My personal relationship to popular politics far precedes my scholarly engagement with Cultural Studies proper. I was born during the waning years of Pinochet’s regime in Chile, and my parents moved us away from the country shortly before the return of formal democracy. While they didn’t take as many open risks as some of their friends, both of them were active in their opposition to the regime at the time, and like all Chileans who lived through that period, their lives and ongoing behavior have been shaped by the cultural traumas of state terror. Much of the damage done to Chile’s social body during the dictatorship hinged on the regime’s concerted efforts to incapacitate popular collective political action — damage we can likewise now see in the United States, though it occurred very differently here. In Chile during the 1970s and 80s this was done most visibly and notoriously through violent political repression, but also insidiously through neoliberal policies that sought to disintegrate any and all institutional frameworks that fell outside of (or subverted) governmental or business hierarchies. My mother, Walescka Pino-Ojeda, has for her part dedicated most of her academic career to analyzing this very phenomena and its aftermath.

In the years since the re-establishment of formal democracy, Chile has often been hailed as a success story both for its implementation of neoliberal state structures, and later its creation of governmental policies seeking truth and reconciliation for past atrocities by the junta. This was an uneasy compromise; a kind of Third Way liberalism for the traumatized. The inherent structural contradiction of these two processes (attempting to create social unity within mechanisms that were created in part to paralyze the populace away from social-political action) came to a head with an outbreak anti-neoliberal popular protests in the 2010s. These waves of (still ongoing) activism were, at the time, novel in their ability to both mobilize a critical mass of Chileans from across the demographic spectrum, as well as successfully occupy and negotiate public spaces and forums. Perhaps predictably, these have largely been led by the first generations of Chileans to be raised outside the bounds of active state terrorism.
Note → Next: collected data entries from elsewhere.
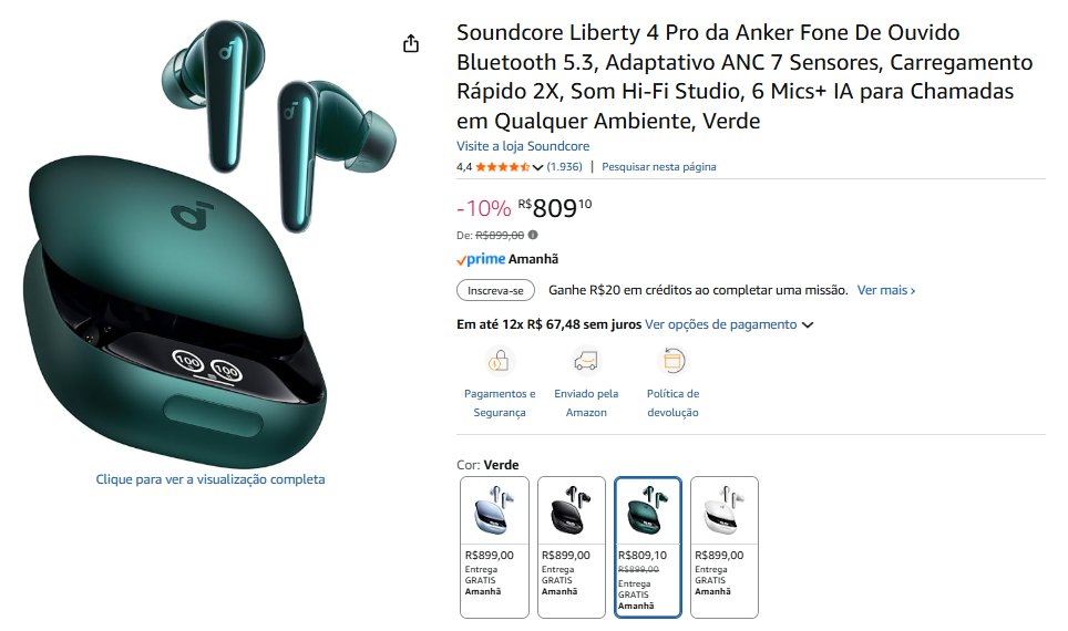 • Fone de Ouvido Soundcore |10% de desconto| total R$ 809,10 – compre aqui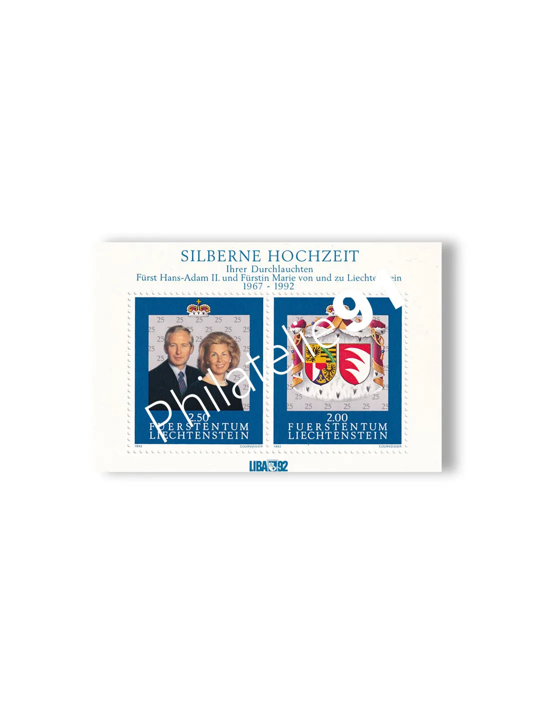 LIECHTENSTEIN - BF n° 17 ** - Exposition philatélique "Liba 92" - Noce d'Argent du couple princier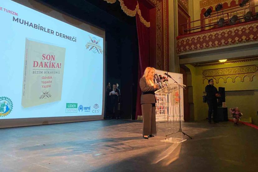 Yalnızca bir kitabı tanıtmadıklarını, bu mesleğe adanmış hayatları, sahadaki acıları, umutları ve gerçeğin peşinde verilen mücadeleyi geleceğe taşıdıklarını ifade eden MUHABİR-DER Başkanı Berrin Yücesan, "’Son Dakika - Bizim Hikayemiz: Gördük, Yaşadık, Yazdık’ 42 gazetecinin sahada yaşadıklarının ortak sesidir. Yağmurun, karın altında, enkazın başında, savaş alanlarında, kimi zaman hayatı pahasına gerçeğin izini süren meslektaşlarımızın kaleminden dökülen hakikatin sesidir. Çünkü sahada attığımız her adım yalnızca bir haber değil, aynı zamanda bir insanlık görebilir bu geceyi özellikle Filistin’de gerçeği dünyaya duyurmaya çalışırken şehit olan, yaralanan tüm gazeteci meslektaşlarımıza adıyoruz. Onların cesareti bize bu mesleğin kutsallığını ve ağırlığını bir kez daha hatırlatıyor" diye konuştu.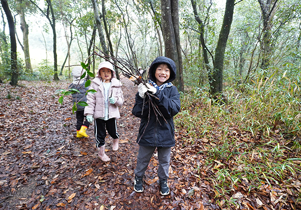 ▼調理が終わったら柴刈りです。小雨の中、みんな手際よく柴を集めることができました。
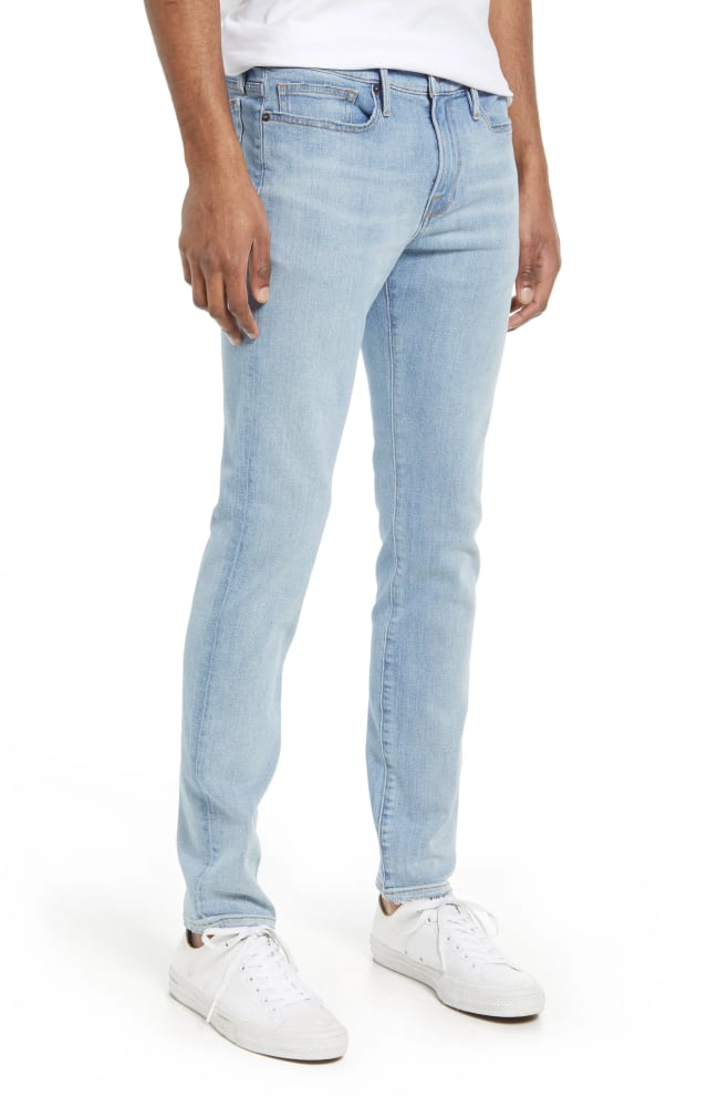 Light distressing lends a broken-in finish to mid-rise skinny jeans in a wear-with-anything wash.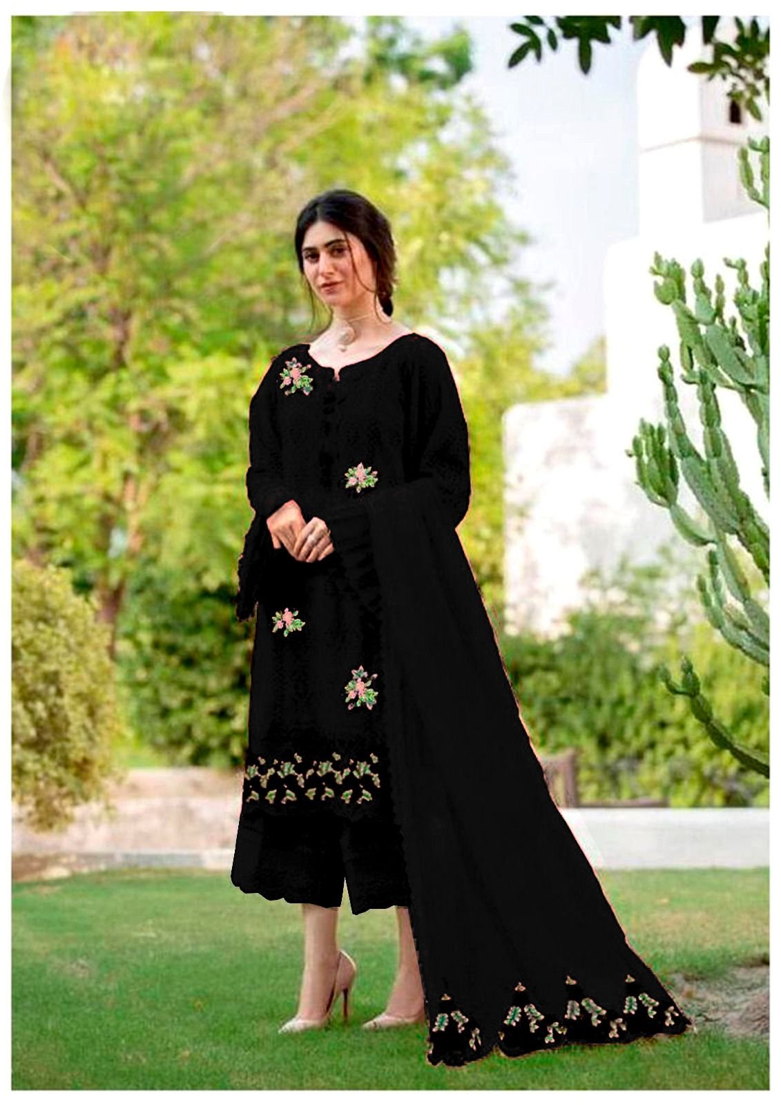 - Dupatta: Chiffon with Embroidery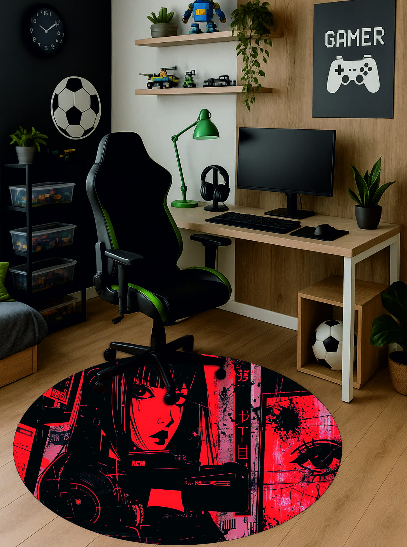 OCHRONNA MATA POD FOTEL OKRĄGŁA KOBIETA CZERWONE ŚWIATŁO

I see my own work as an academic now as an extension of the cultural activism and critical subaltern memory-keeping that these waves of direct political action both correspond with and contribute to. This work shares a direct continuity with the cultural production, scholarship, and political action undertaken by several interconnected underground networks during the dictatorship. These networks were themselves also largely transnational, fueled both ideologically by de-colonial Tricontinentalism, and tactically by the broader lived realities of the CIA-backed dictatorships and US-sponsored state terror that was ongoing in Latin America during the 1970s and 80s.

Now working in the United States, my engagement with participatory politics focuses on the ways in which popular subjects and cultural landscapes have been shaped by such transnational flows of exchange. I’m particularly interested in the ways in which these are affected by often overlooked avenues of cultural intermingling — those taking place in popular media circulation, but also those skirting the edges of power, travelling trans-peripherally, rather than from (or through) centers of global political power. As such, my work has concentrated on both the popular impact of Asian (Japanese, Korean, Turkish and now Indian) culture in the Latin American popular consciousness, as well as the ways in which these are forming an emergent imaginary of activism and the consolidation of new social-political agendas.

Like many scholars, I’ve taken a growing interest in the seemingly sudden awakening of an organized left in the United States during the Obama administration (and heightening in visibility in the aftermath of Trump’s election). Part of my attention here is on how these movements reflect (and in some cases have been informed by) similar modes of activism that started roughly a decade prior in places like Argentina, Bolivia, Ecuador and Chile. I’m particularly interested in the recent emergence of social media based networks of global exchange established between activists working within the U.S. and those who have for years been active in confronting state-sanctioned violence elsewhere.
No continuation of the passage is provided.